In [2]:
# Basic chat Message using API

from openai import OpenAI 
import os

MODEL="gpt-4o"
client = OpenAI(api_key=os.environ.get("OPENAI_API_KEY"))

completion = client.chat.completions.create(
  model=MODEL,
  messages=[
    {"role": "system", "content": "You are a helpful assistant for language translation. Help me with convert to casual tone and conversational to sinhala language"},
    {"role": "user", "content": "Hi Thilina! Welcome to Agent Zappy, a platform designed to help senior managers in the automotive industry streamline customer communications. With features such as 24/7 instant replies, conversational email/SMS marketing, and human-like AI calling for appointment bookings, our platform ensures no lead or query goes unanswered. Sign up at www.agentzappy.com/signup for a demo or more information"}
  ]
)
print("Assistant: " + completion.choices[0].message.content)
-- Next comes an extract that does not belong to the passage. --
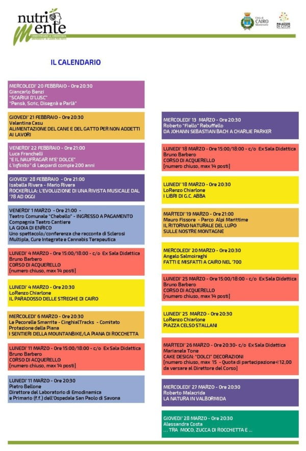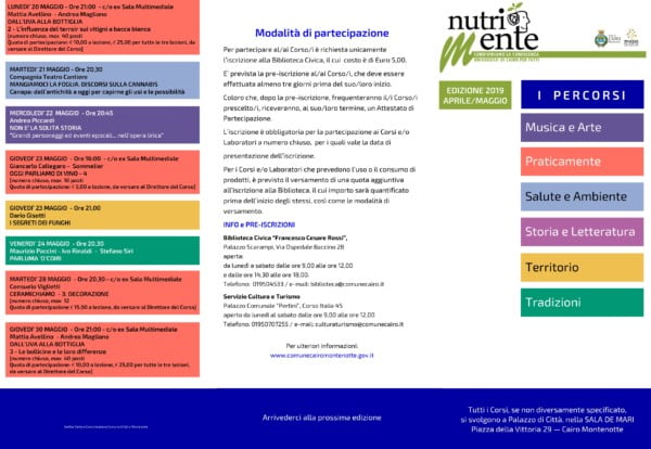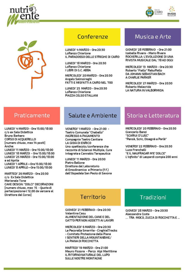 Riprende, anche nel 2019, il progetto di valorizzazione e condivisione culturale “NutriMente – Condividiamo la conoscenza – Università di Cairo per tutti” che rappresenta un innovativo modello di formazione permanente rivolto a tutte le età. Nel corso degli anni, il progetto culturale, ha saputo evolversi andando incontro alle esigenze più attuali, nell’ottica di presentare sempre più significative proposte. Come la scorsa edizione, anche l’attuale, è suddivisa in due sessioni, la prima delle quali prenderà inizio il prossimo 20 febbraio e si concluderà a marzo. Da aprile a maggio, si svolgeranno i corsi della seconda sessione. I Corsi di questa edizione sono raggruppati in sette grandi aree tematiche: Conferenze, Musica e Arte, Praticamente, Salute e Ambiente, Storia e Letteratura, Territorio e Tradizioni.

Assistant: හෙලෝ තිලිනා! Agent Zappy වලට සාදරයෙන් පිළිගන්නවා. මේක වාහන කර්මාන්තයේ ජ්‍යෙෂ්ඨ කළමනාකරුවන්ට පාරිභෝගික සංවාද වේගවත් කරගන්න හදපු වේදිකාවක්. 24/7 එකෙන්ම පිළිතුරු දීම, සංකල්ප සම්බන්ධිත ඊ-මේල්/එස්එම්එස් අලෙවිකරණය, සහ වැඩිමහල් වෙන්කරීම්වලට මිනිස් මනසක් මෙන්ම AI ඇමතුම්වලට ඇති පහසුකම් සමග, අපේ වේදිකාව හැම පොරොන්දුවක්ම දියුණු කරයි. වැඩි විස්තර සහ ඩෙමො එකක් සඳහා www.agentzappy.com/signup වෙත පිවිසෙන්න.


In [4]:
# Image processing with Base64

import base64

image_path = "images.png"

def encode_image(image_path):
    with open(image_path, "rb") as img_file:
        return base64.b64encode(img_file.read()).decode("utf-8")
    
base64_image = encode_image(image_path)

response = client.chat.completions.create(
    model=MODEL,
    messages=[
        {"role": "system", "content": "You are a helpful assistant that responds in Markdown. Help me with my math homework!"},
        {"role": "user", "content": [
            {"type": "text", "text": "What's the area of the triangle?"},
            {"type": "image_url", "image_url": {"url": f"data:image/png;base64,{base64_image}"}
            }
        ]}
    ],
    temperature=0.0,
)
print(response.choices[0].message.content)

To find the area of the triangle \( \triangle ABC \), you can use the formula for the area of a triangle:

\[ \text{Area} = \frac{1}{2} \times \text{base} \times \text{height} \]

In the given triangle, \( AB \) is the base \( c \), and \( CD \) is the height \( h \).

So, the area \( A \) of the triangle is:

\[ A = \frac{1}{2} \times c \times h \]

To find the exact area, you need the values of \( c \) (the length of \( AB \)) and \( h \) (the length of \( CD \)). If you have these values, you can substitute them into the formula to get the area.


In [6]:
# Image processing using URL

response = client.chat.completions.create(
    model=MODEL,
    messages=[
        {"role": "system", "content": "You are a helpful assistant that responds in Markdown. Help me with my math homework!"},
        {"role": "user", "content": [
            {"type": "text", "text": "What's the area of the triangle?"},
            {"type": "image_url", "image_url": {"url": "https://static.tutors.com/assets/images/content/tutors-right-triangle-altitude-theorem.jpg"}}
        ]}
    ],
    temperature=0.0,
)
print(response.choices[0].message.content)

To find the area of the triangle \( \triangle ABC \), we can use the formula for the area of a triangle:

\[ \text{Area} = \frac{1}{2} \times \text{base} \times \text{height} \]

In the given triangle, \( AB = c \) is the base, and \( CD = h \) is the height.

So, the area of \( \triangle ABC \) is:

\[ \text{Area} = \frac{1}{2} \times c \times h \]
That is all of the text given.